As we creep towards the end of the calendar year, Media in Canada convened its final round table discussion of 2017 among media agency professionals to get a sense of what the coming year will bring. As issues of pricing, brand stewardship and the role agencies play in client decision making remain top-of-mind, we invited some of the brightest directors and VPs to break bread.
Below is the first part of that discussion.
Providing a view from the heart of the media agency business were Janet Xi, group manager at Jungle Media; Melissa Champagne, account director at Zenith; Emily Douglas, director of digital investments at Touche (above right); Tracy Jones, managing director at Alternator (below right); Claus Bermeister, managing partner at MEC/Wavemaker; and Mona Afzal, director of strategy at OMD Canada (above left).
MiC: As you guys are looking ahead to next year, what’s getting prioritized? What do discussions, budgets and client demands tell you is coming in the year ahead?
Emily Douglas: It’s going to be a big year for attribution. There was a big push in 2017, but we keep saying 2017 is so last year. Last touch, last click is so last year. I think [it will be about] data-driven, multi-touch attribution, figuring out what that means. It’s costly. There’s different solutions. It’s confusing. But the better we can understand measurement, the more we can we can drive value for our clients. And it’s okay to not know all the answers.
Tracy Jones: I think we’re seeing the beginning of a convergence. As search and social became big things, we started a search and social division. As programmatic became big, we had a programmatic division. As data becomes a big thing, we have a data science division. And as content becomes big, we create something like Alternator. And if we do it right, those divisions should cease to exist, because they should become integrated into the fabric of the agency. At OMG Worldwide [of which Alternator is part], I’m already seeing that we have programmatic people with all the agencies, search and social media too, with leadership helping guide them as subject matter experts. Next year you’re going to see more and more of it. It’s great to have those minds on the ground and more embedded within the actual agencies. We work so much better when we’re on the ground with our teams.

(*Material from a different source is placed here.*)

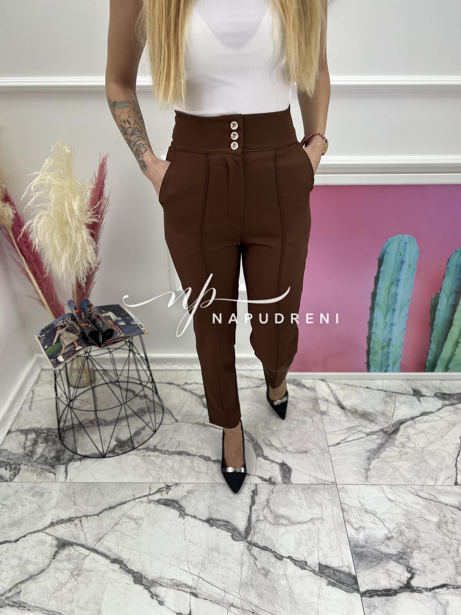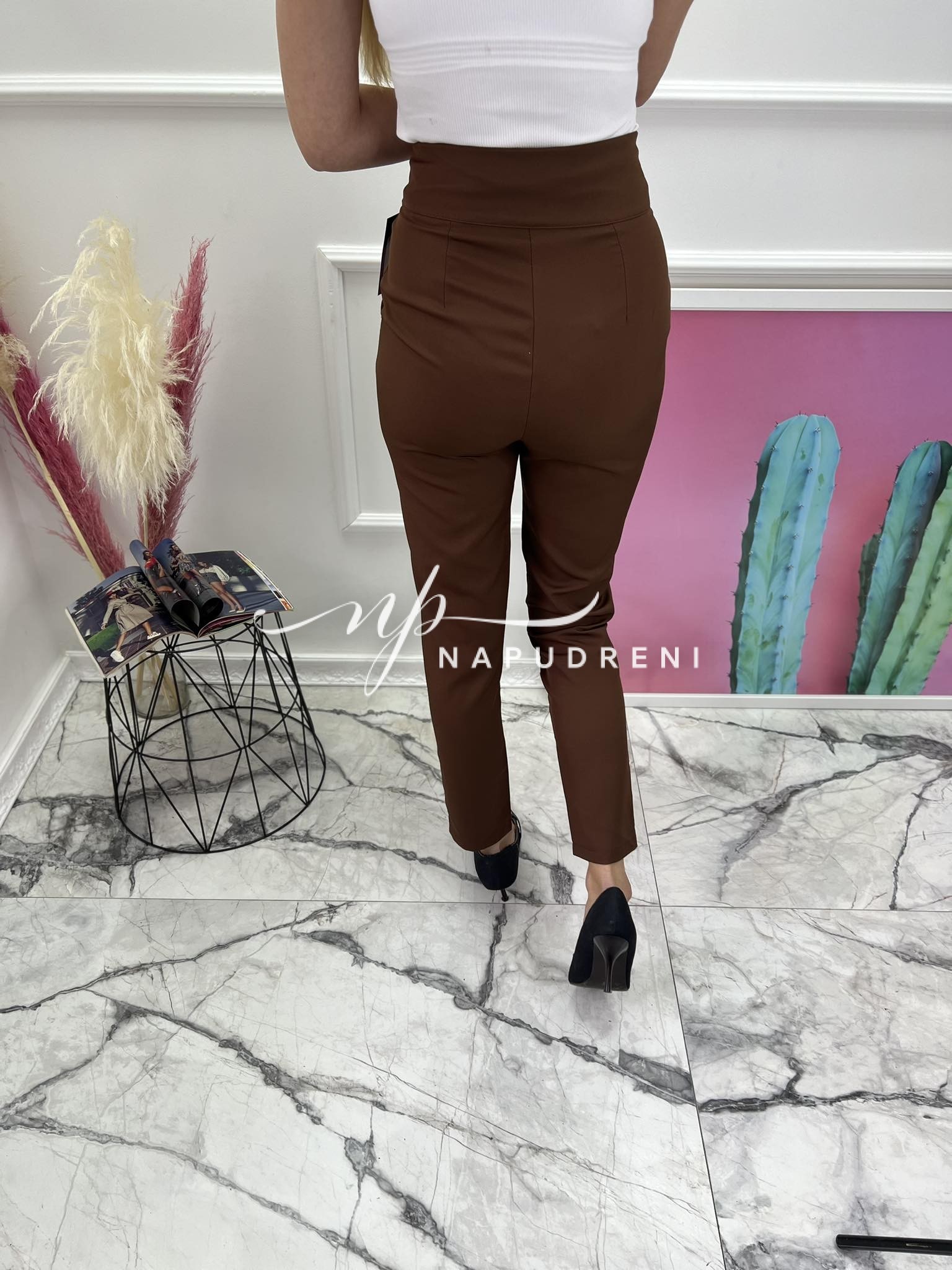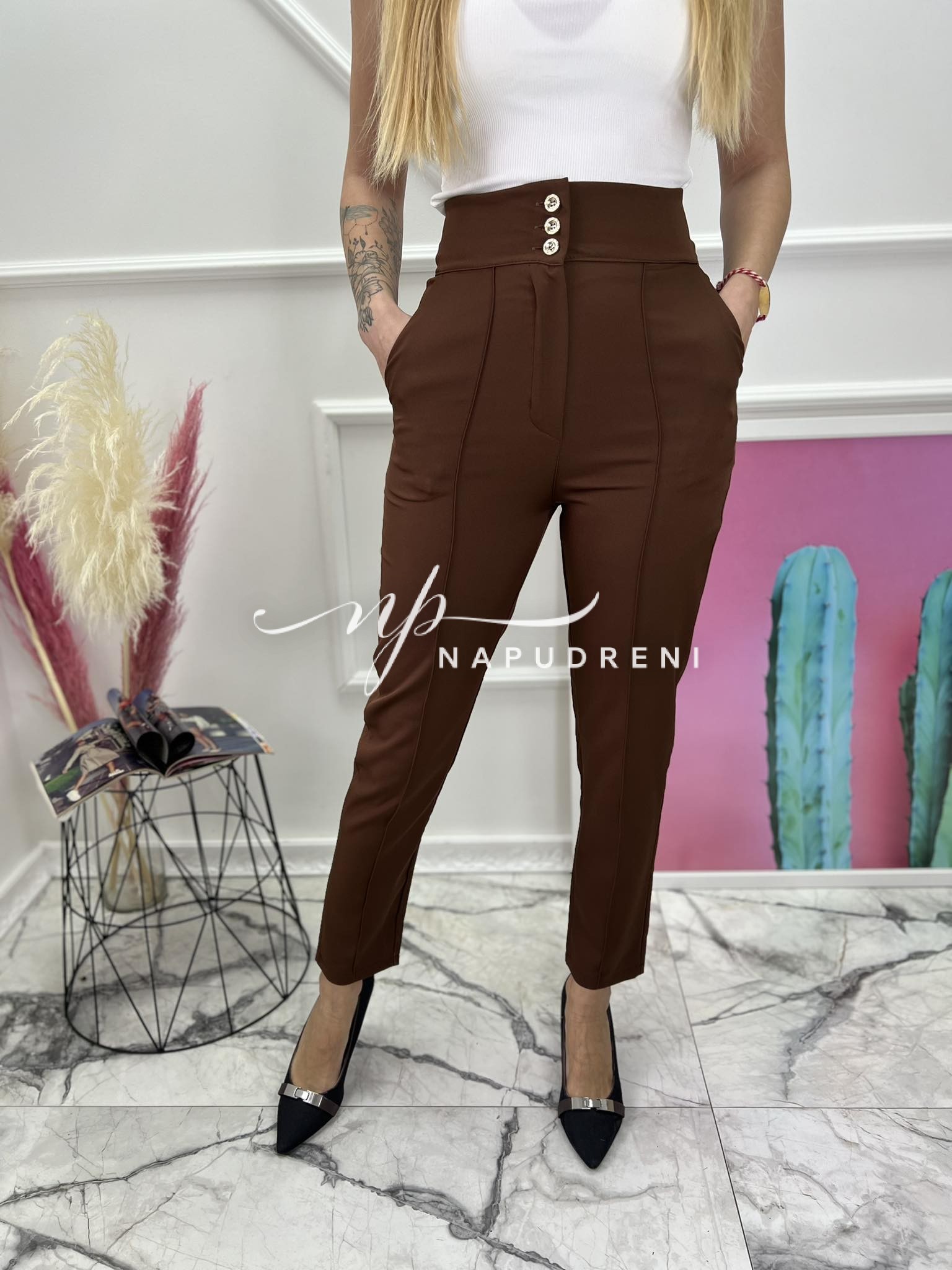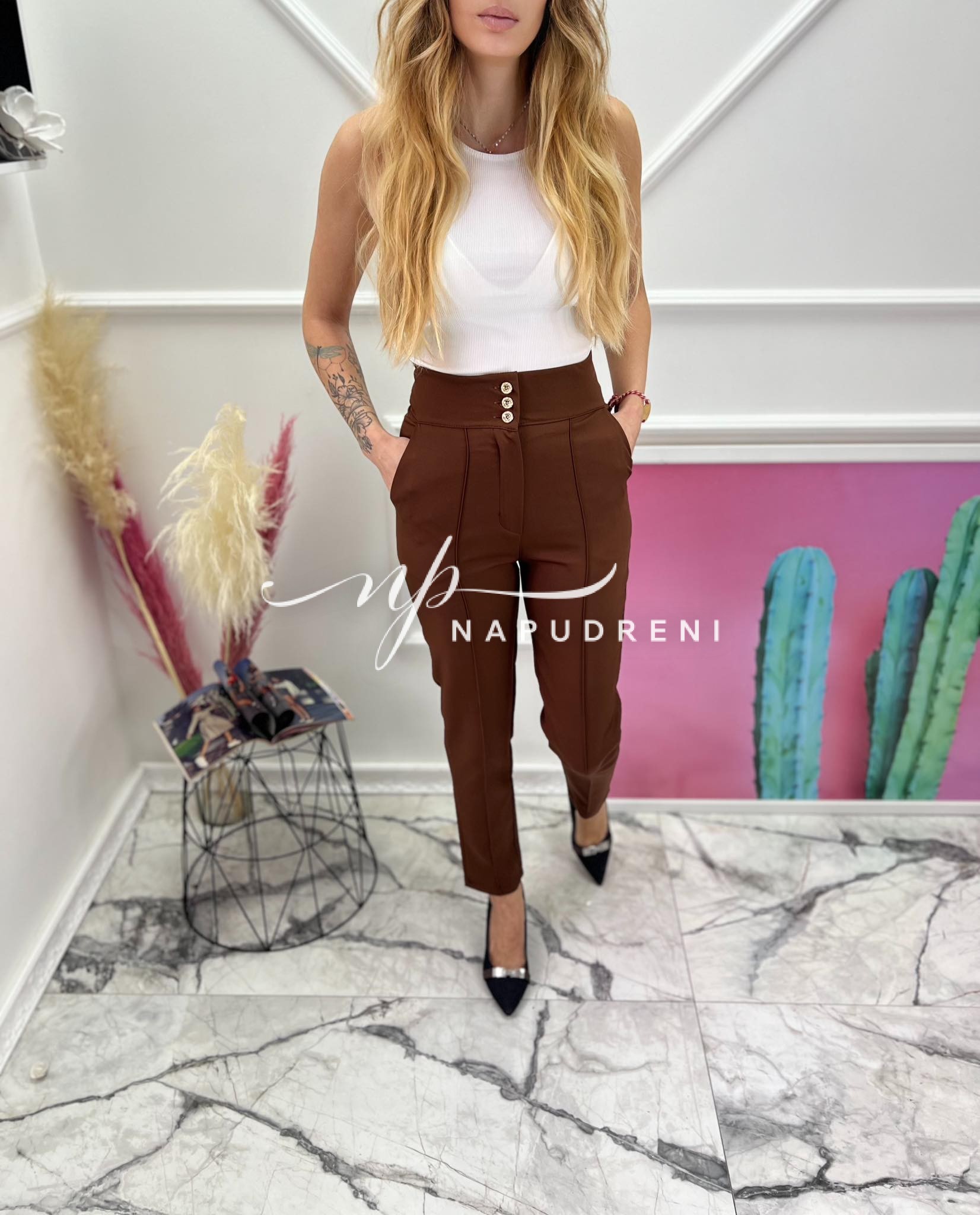 Дамски панталон с ръб в кафяв цвят -код 6946

Mona Afzal: We’re seeing a lot more of an integrated flow and mix with our partners. We don’t think of them as vendors. They’re really a part of the team. We strive to have them part of the briefing sessions with the client right from the get-go. We’re not going “Hey, we’re RFP-ing you.” And it’s not limited to the partners that are part of our larger scale groups. It’s, like, CBC; they’re the Winter Olympics partner. They are a partner, and they’re developing our content. We bring them to the table regardless of what we put in front of them, and I think they value that… The clients that are more open to allowing that kind of collaboration will see that higher level of depth and achievement from their content.
L-R: Jungle Media’s Janet Xi, MEC’s Claus Bermeister, Zenith’s Melissa Champagne
Douglas: We’re trying to see where we can collaborate better. We created these black box sessions, trying to sit around the table and discuss all the issues and get closer to what client needs are. Was it super successful for us? Some yes, some no, but the idea is we just have to go with an open mind and find new ways of collaborating.
Janet Xi: Being at Jungle, we’re a smaller agency. We like to think of ourselves as more nimble. We’ve always been 360 planners. We’ve never had digital-only planners, or out-of-home-only planners. But I’d be curious to hear from you guys: I think that’s a model that people are moving more toward. We have a lot of subject-matter experts, but for the most part, I think there’s this greater value in having this overall planning sense within your agency, having a more integrated approach to planning for our clients is seen as valuable.
Jones: I think it’s essential. As the industry becomes more and more programmatic and more driven by things that do not have a person saying “I want to go out and buy this thing,” agencies are going to have to figure out what they stand for. What’s the difference between MEC and Jungle and OMD, or PHD and Touché? It’s going to be about brains and teams, and what they stand for and what they can deliver as a cohesive unit.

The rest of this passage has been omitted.